'Adalet Yürüyüşü'
Ülkenin ana sorununun ve en acil, en büyük adalet talebinin özellikle CHP tarafından gözden kaçırılmaması da gerekir. Daha bir yıl önce resmî ve sivil ayakları, uluslararası bağlantıları olan, dinî görünümlü totaliter bir hareket, meşru siyasî iktidarı silah zoruyla devirmeye kalktı. Faillerinin bulunması ve en ağır şekilde cezalandırılması lâzım. Bunu yapmazsak sadece adaletten bahsedememekle kalmayız; aynı zamanda demokrasimizi gelecekte benzer risklere daha açık hâle getiririz.
Atilla Yayla | Serbestiyet
CHP Genel Başkanı Kemal Kılıçdaroğlu’nun Ankara ile
İstanbul arasında gerçekleştirmeye çalıştığı “adalet
yürüyüşü”nü nasıl değerlendirmek gerekir?
Kılıçdaroğlu herhangi biri değil; ana muhalefet partisinin lideri.
Her vatandaş gibi onun da kamusal meselelerde görüş açıklama, tavır
alma hakkı var. Bu çerçevede, destek gösterileri de, protesto
gösterileri de yapabilir, düzenleyebilir. Eleştirilerini,
taleplerini kamu otoritelerine ve toplum kesimlerine duyurmaya
çalışabilir.
İki şehir arasındaki yaklaşık 400 kilometrelik yürüyüşü bir politik
eylem olarak gerçekleştirmek çok görülmeyen bir durum. Bu yüzden
yürüyüş bir ölçüde yaratıcı bir eylem sayılabilir. İstisnaî olması
bu uzun yürüyüşü yukarıda işaret edilen haklar çerçevesinin dışına
çıkarmaz.
Her protesto/talep gösteri ve yürüyüşünde yapılması gerekenler
bellidir. Eylemciler şu iki şeye dikkat etmek zorunda: (1) Kamusal
hayatı ciddî şekilde ve sürekli olarak engellememek; (2) şiddeti
teşvik etmemek, övmemek, davet etmemek. Buna karşılık, politik
olanlarından bürokratik olanlarına kamu otoritelerinin de iki
vazifesi mevcut: (1) Yürüyüşü keyfi olarak (doğrudan doğruya veya
dolaylı biçimde, yapılış şartlarını aşırı derecede ağırlaştırmak
suretiyle) engellememek; (2) eylemcilerin bilhassa dışardan
gelebilecek saldırılara karşı güvenliğini sağlamak. Benim
görebildiğim kadarıyla bugüne kadar bu şartlar karşılandı. Umarım
bundan sonra da böyle olur.
Türkiye’de demokrasinin usul kuralları üzerinde yeterince geniş bir
mutabakat ve kurallara tatminkâr derecede riayet yok. Özellikle
CHP’nin de içinde bulunduğu sol gelenek bu açıdan çok sorunlu.

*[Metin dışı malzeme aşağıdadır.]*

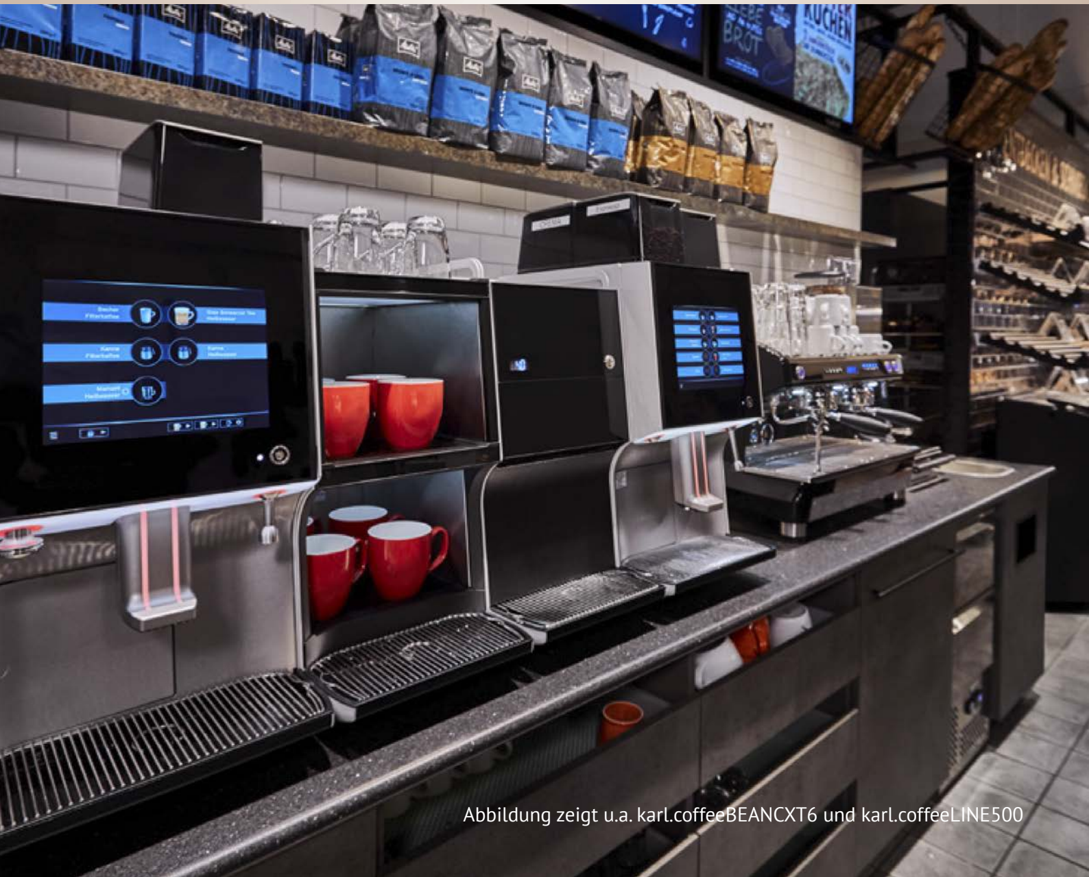
Abbildung zeigt u.a. karl.coffeeBEANXCT6 und karl.coffeeLINE500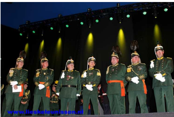
Gedeeld nummer 3: Schutterij Sint Joseph Stein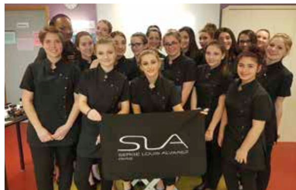
Intervention de SLA pour la classe de 2 nd e ECP.

Une conférencière de la marque SLA, spécialisée dans les produits de maquillage, est venue parler de l'entreprise le jeudi 9 mars au lycée.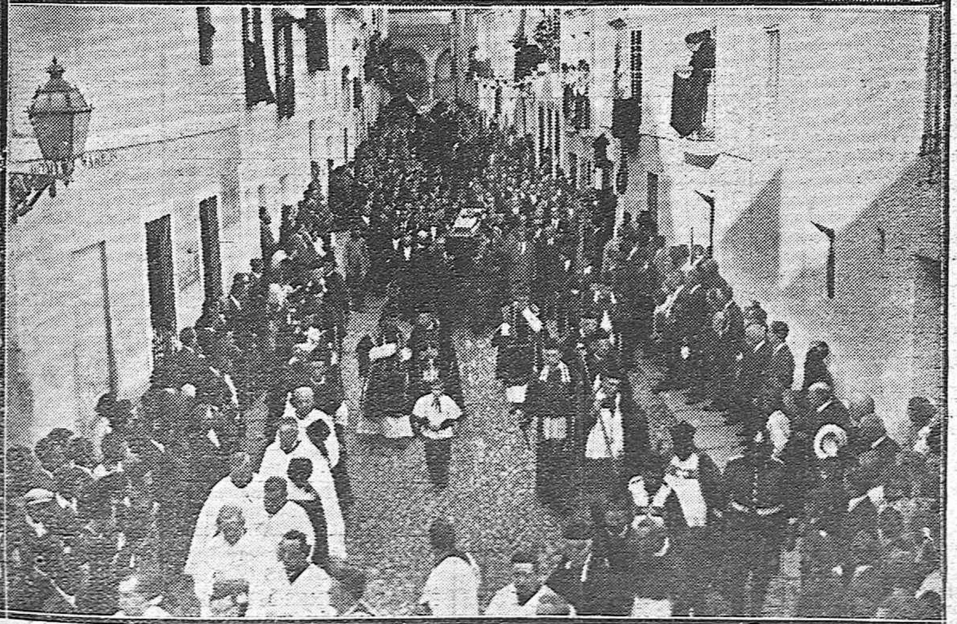
EL ENTIERRO DE JULIO ROMERO DE TORRES.—MOMENTO DE SALIR LA FUNEBRE COMITIVA DEL MUSEO PROVINCIAL.—PASO DEL ENTIERRO POR LA CALLE DE ROMERO BARROS.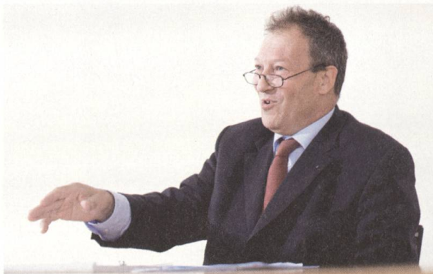
«Wenn man als Versicherung kalkulieren will...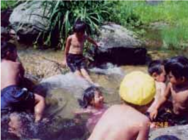
▲ 幼稚園のすぐそばを流れる河内川は、自然のプールです。ふるさとの自然の中で、心もからだも解放して思い切り遊びを楽しみました。 (鹿野町立小鷲河幼稚園)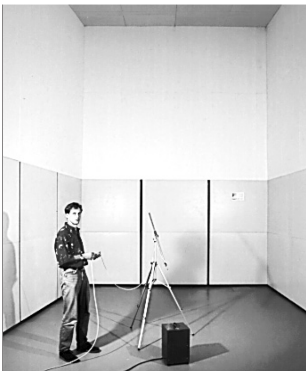
Bild 1: Photographische Aufnahme des neuen reflexionsarmen Halbfreiefeldraumes des IBP.

Klassische reflexionsarme Räume werden mit Absorberkeilen ausgestattet, die eine untere Grenzfrequenz von 80 bis 125 Hz ermöglichen. Die Tiefe dieser Keile liegt im Bereich von ca. 0,7 bis 1,0 m. Im Zuge der Entwicklung von Schallabsorbem bei tiefen Frequenzen [1, 2] entstanden Breitband-Kompakt-Absorber, die sich durch eine geringere Bautiefe von 0,25 m und durch eine glatte Oberfläche auszeichnen. Mit solchen Absorbem aus Melaminharzschaum mit eingeklebten Stahlblech-Tafeln wurde ein reflexionsarmer Halbfreiefeldraum im IBP eingerichtet, der Freifeldbedingungen von 20 Hz bis 16 kHz auf einer Halbkugeloberfläche bis zu einem Radius von ca. 2 m um die Schallquelle ermöglicht (Bild 1).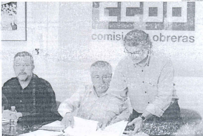
El secretario general de Comisiones Obreras (CCOO), Ignacio Fernández Toxo (c).

Anunciaron que el jueves por la mañana la secretaria de Estado para la Función Pública, Consuelo Rumi, se reunirá con los máximos dirigentes sindicales del sector público en la Mesa General de Negociación de las Administra-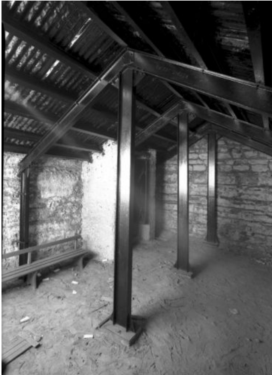
Ecole maternelle : vue partielle d'une cave construite en pierre et renforcée par une charpente métallique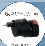
最小スミヨセ寸法11mm

スミヨセアダプター GEA FC2 (別売) 標準小売価格 ¥7,500 (税別) 9mm溝ビットが使用可能 16方向にワンタッチで 角度調整が可能。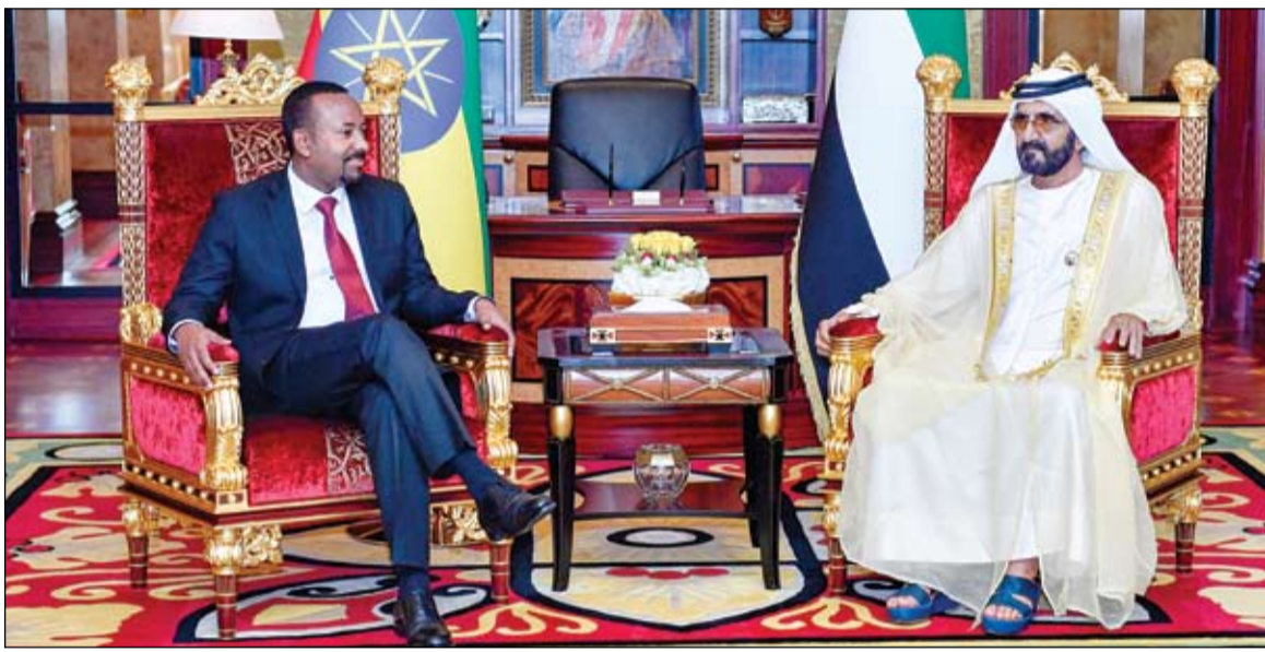
محمد بن راشد خلال استقبله رئيس وزراء إثيوبيا

قال وزير الخارجية الأمريكي مايك بومبيو، أمس الجمعة، إن اعتراض أسلحة من إيران في طريقها للحوثيين دليل على أنها أكبر دولة راعية للإرهاب، مشدداً على أن طهران تتحدى مجلس الأمن بتزويدها بأسلحة للحوثيين، مطالبا بتحريك دولي لتجديد حظر الأسلحة المفروض عليها والذي ينتهي قريباً. وقال بومبيو بتفريدة على حسابه في تويتر: البحرية الأمريكية اعترضت 385 صاروخاً إيراني الصنع ومكونات أسلحة أخرى في طريقها إلى الحوثيين باليمن، مثال آخر على مواصلة إيران أكبر دولة راعية للإرهاب في العالم في تحديها لمجلس الأمن الدولي. وأضاف بومبيو، يجب على العالم أن يرفض عنف إيران ويتحرك الآن لتجديد حظر الأسلحة المفروض عليها والذي ينتهي قريباً. وأرفق بومبيو صورة من الأسلحة الإيرانية المضبوطة. وأعلن الجيش الأمريكي، الخميس، أن سفينة تابعة للبحرية الأمريكية صادرت أسلحة من تصميم وتصنيع إيراني تشمل أكثر من 150 صاروخاً موجهاً مضاداً للدبابات و3 صواريخ إيرانية سطح جو. وتابع الجيش في بيان أن بحارة السفينة نورماندي اعتلوا سفينة شراعية في بحر العرب يوم الأحد الماضي. كما أضافت الأسلحة المصادرة شملت 150 صاروخاً موجهاً مضاداً للدبابات من طراز دهلاوية وهو تقليد إيراني للصاروخ الروسي كورنيت. في حين أكد أن مكونات الأسلحة الأخرى المصادرة من السفينة الشراعية من تصميم وتصنيع إيراني، وتشمل ثلاثة صواريخ إيرانية سطح جو وأجهزة تصوير حراري ومكونات إيرانية لعتاد بحري وجوي مسير. إلى ذلك، قالت القيادة المركزية الأمريكية، إن إرسال أسلحة للحوثيين ينتهك قرارات مجلس الأمن.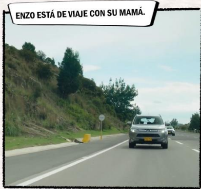
ENZO ESTÁ DE VIAJE CON SU MAMÁ.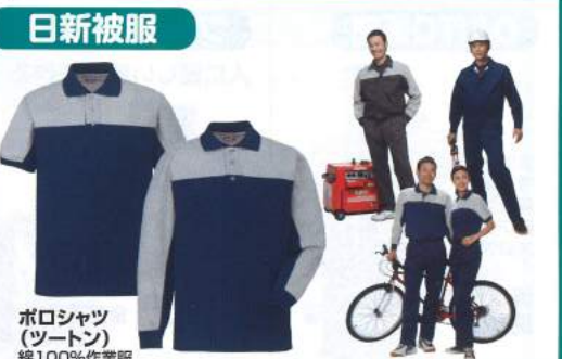
ポロシャツ (ツートン) 綿100%作業服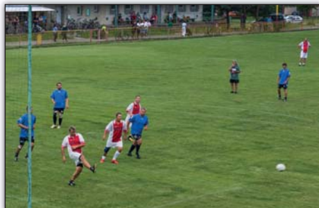
Těšice - Mikulčice, předhosový zápas v kopané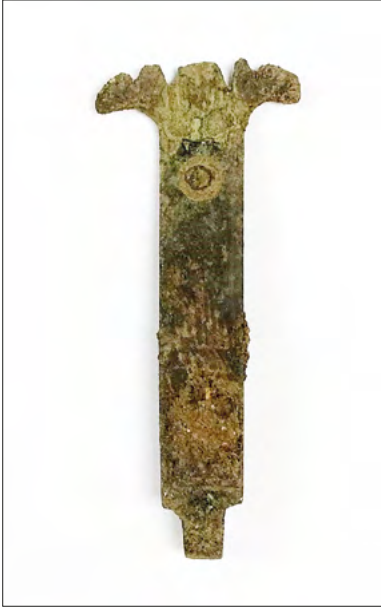
Ryc. 13. Okucie modlitewnika pozyskane w trakcie prac na stanowisku Zgierz 18.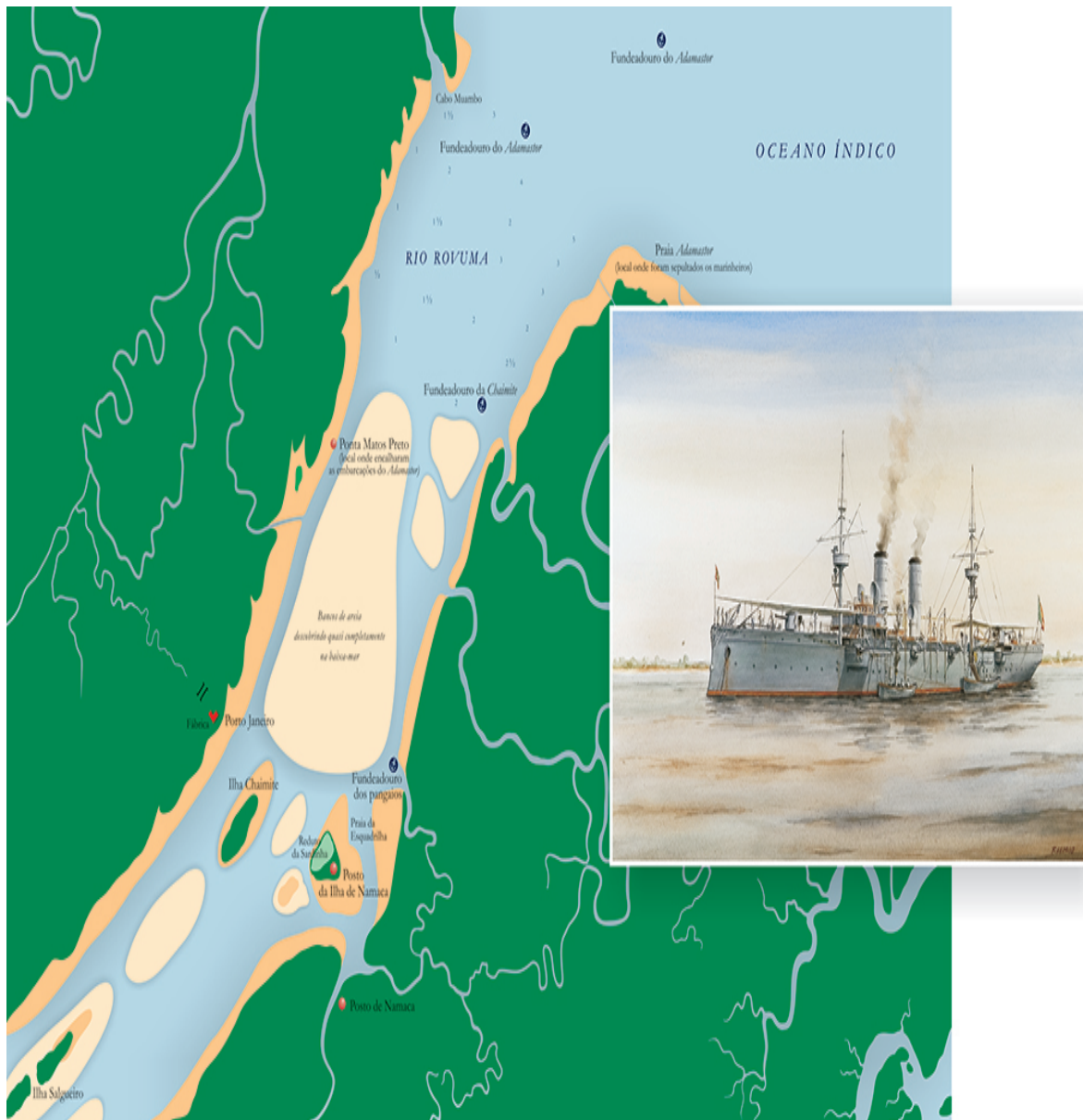
Desenho de José Cabrita, segundo esboço da esquadilha de embarcações do Adamastor . Cruzador Adamastor , aguarela de Fernando Lemos Gomes. Museu de Marinha

Köklü bir parti olmasına rağmen CHP, bünyesinde ne yazık ki hâlâ
darbeyi meşru gören bir kültürü barındırmakta. Radikal sol ise
zaten şiddete meftun ve her fırsatı “devrim” adını verdiği
yıkıcılığa hizmet edecek bir şiddet dalgası yaratmak için
kullanmakta. Bu uğurda hem istekli hem becerikli. İşte bu olgu CHP
yöneticilerinin omuzlarına şu hayatî görevi yüklüyor: Yürüyüşte
radikal solun kışkırtma ve oyunlarına gelmemek.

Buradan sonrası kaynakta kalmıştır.